Australia exported 124.15 million mt coal January-August as against 135.47 million mt in the same period last year.
The prime impact
With demand from India and other Asian markets, the impact of China's unofficial ban on Australian exports has abated, the Australia quarterly review for energy and resources for September 2021 said.
Coal exports from Australia are expected to rise 212 million mt in 2022-23 (July-June) from 192 million mt in 2020-21, the report said.
"If they increase exports then they will have to compromise on price. Indians did not buy Australian coal because of its quality but because of the price. They need to be at discount to sustain the new markets," said Vasudev Pamnani, director at Lavi Coal Info Private Ltd.
The price trend for Australia coal shows that the impact on 5,500 kcal/kg NAR was negligible despite restrictions from China. It continued to be sold at par with similar grades from other origins.
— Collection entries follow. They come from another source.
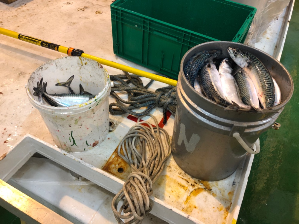 Стоим под Ставангером, район Гродхеим. Вечером покидал немного с борта. Снасть классическая - гирлянда с пилкером. Удалось взять несколько скумбрий и морского черта.
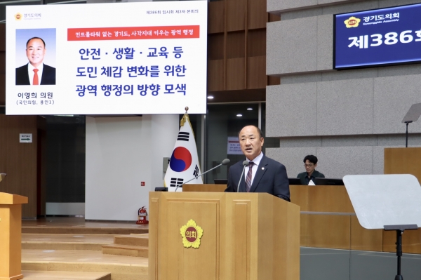 [금요저널] 경기도의회 이영희 의원은 9일 열린 제386회 임시회 제3차 본회의 도정질문에서 “전국 최대 규모의 군부대가 주둔한 경기도가 군 협력의 최적 조건을 갖추고도 실질적 컨트롤타워 부재로 수많은 기회를 놓치고 있다”며 강하게 질타했다.
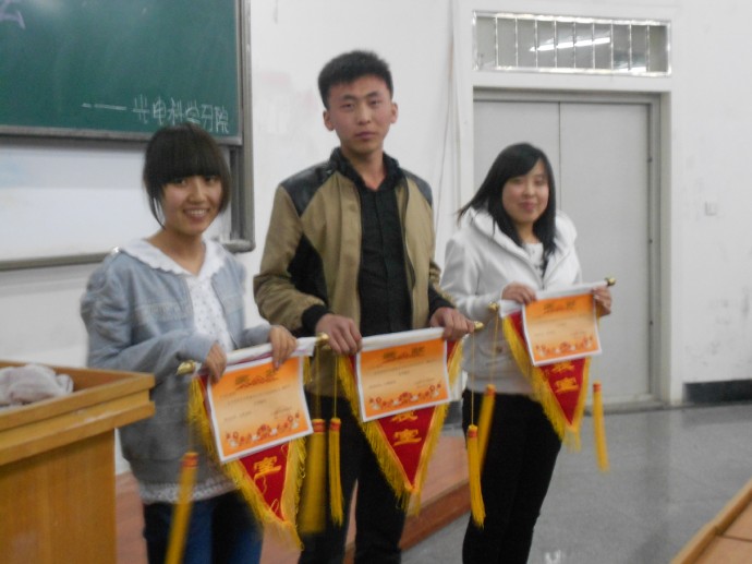 光電分院各寢室的的同學(xué)們?cè)谶@段期間,在衛(wèi)生.安全.文明.整潔.裝飾屋子等其他方面做的十分出色。其中最好的給予了獎(jiǎng)狀及錦旗。B-112,B-420,D-201,被評(píng)為“文明寢室”,由學(xué)生會(huì)團(tuán)委副書記給同學(xué)們頒發(fā)了獎(jiǎng)狀及文明寢室錦旗。而D-211,D-204,D-203,D-202,D-108,D-112,B-107被評(píng)為”優(yōu)秀寢室“,由學(xué)生會(huì)各部部長辦法了優(yōu)秀寢室獎(jiǎng)狀,以資鼓勵(lì)。同學(xué)們第一次榮獲此類獎(jiǎng)項(xiàng)心里難免有點(diǎn)甜滋滋的心情,不由的臉上掛上了陽光般燦爛的笑容。
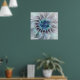 Flourish Abstract Modern Fractal Flower With Blue Poster
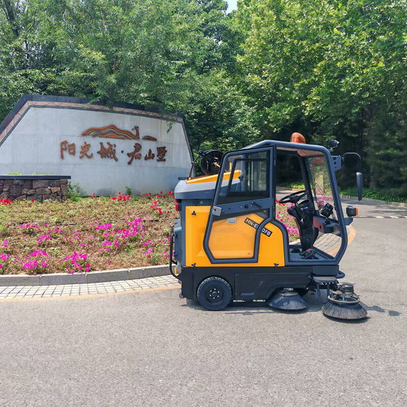 阜阳颍上县金色湖畔(高层洋房聚居区)携手南通明诺 MN-E810FB 电动封闭式大功率扫地机,打造人居清洁新标杆!针对小区道路、广场、绿化带周边等多场景清洁需求,这款设备以硬核实力焕新居住环境。 大功率双电机驱动加持,吸扫同步高效作业,轻松应对落叶、粉尘、碎屑等各类垃圾,清扫效率较人工提升 80%,覆盖小区公共区域无压力。全封闭驾驶舱设计,隔绝扬尘与噪音,守护保洁人员健康的同时,避免打扰居民生活,适配居民区敏感环境。 电动驱动实现零排放零污染,契合绿色社区理念,低能耗续航满足全天清洁需求。灵活操控搭配智能清扫系统,狭窄通道、楼栋拐角皆能精准覆盖,不留清洁死角。 从晨光初现到暮色降临,明诺 MN-E810FB 以科技力量为金色湖畔筑牢洁净防线,让业主漫步其间,目之所及皆清爽。专业清洁设备,赋能品质人居,南通明诺为更多社区提供高效环保的清洁解决方案!
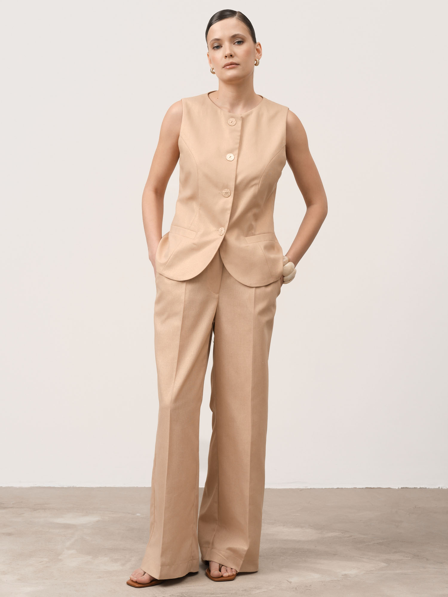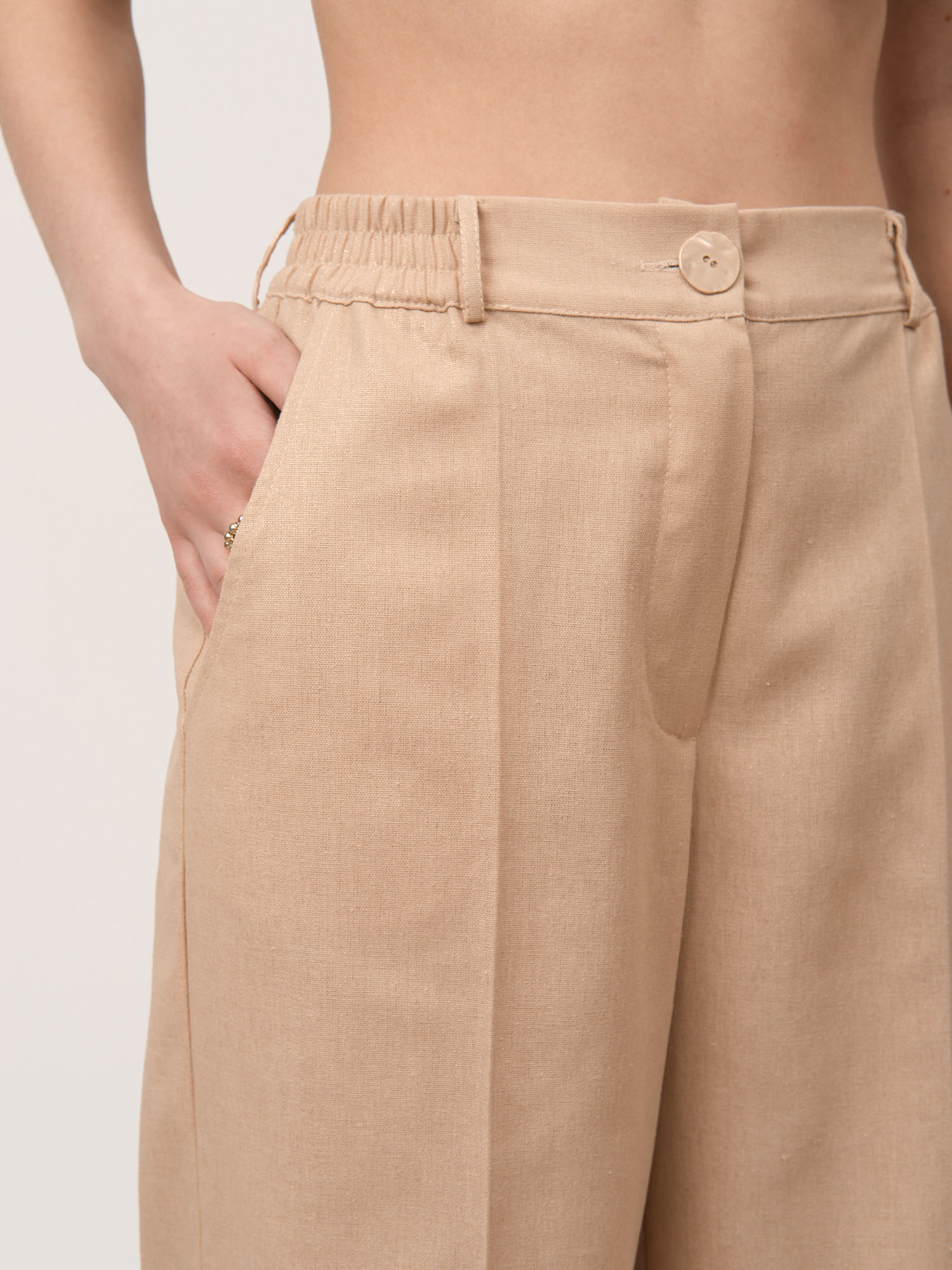 Роскошная натуральность и благородный блеск — женские брюки из льна с вискозой в золотистом оттенке воплощают собой идеальный баланс комфорта и изысканности. Это изделие для тех, кто выбирает премиальные натуральные материалы и утонченный стиль.

"Long-term contracts will change to that of a quarter from earlier duration of a year or so. Companies that have stake in mines in Indonesia will not be able to change their investment plans in the short term. This will be a big impact on the market structure," Pamnani said.
Australian 5,500 kcal/kg NAR coal with 23% ash has averaged around $81.90/mt FOB this year as against FOB for South African 5,500 kcal/kg NAR at $95.37/mt. In addition, 5,500 kcal/kg NAR price at the Quinhuangdao port rose from Yuan 560/mt ($88.03/mt) on Nov. 2 to a high of Yuan 2500/mt in October this year, Chinese authorities imposed price cap, pulling down the price to Yuan 1000-1200/mt presently, sources said.
Looking ahead into 2022, Platts Analytics believes that Australia and China will seek alternative trade partners to meet their respective requirements. If anything, similar to the current market situation, the trade dispute impact will be more greatly felt by Australian metallurgical coal producers and Chinese steel mills, rather than thermal coal producers and Chinese power utilities.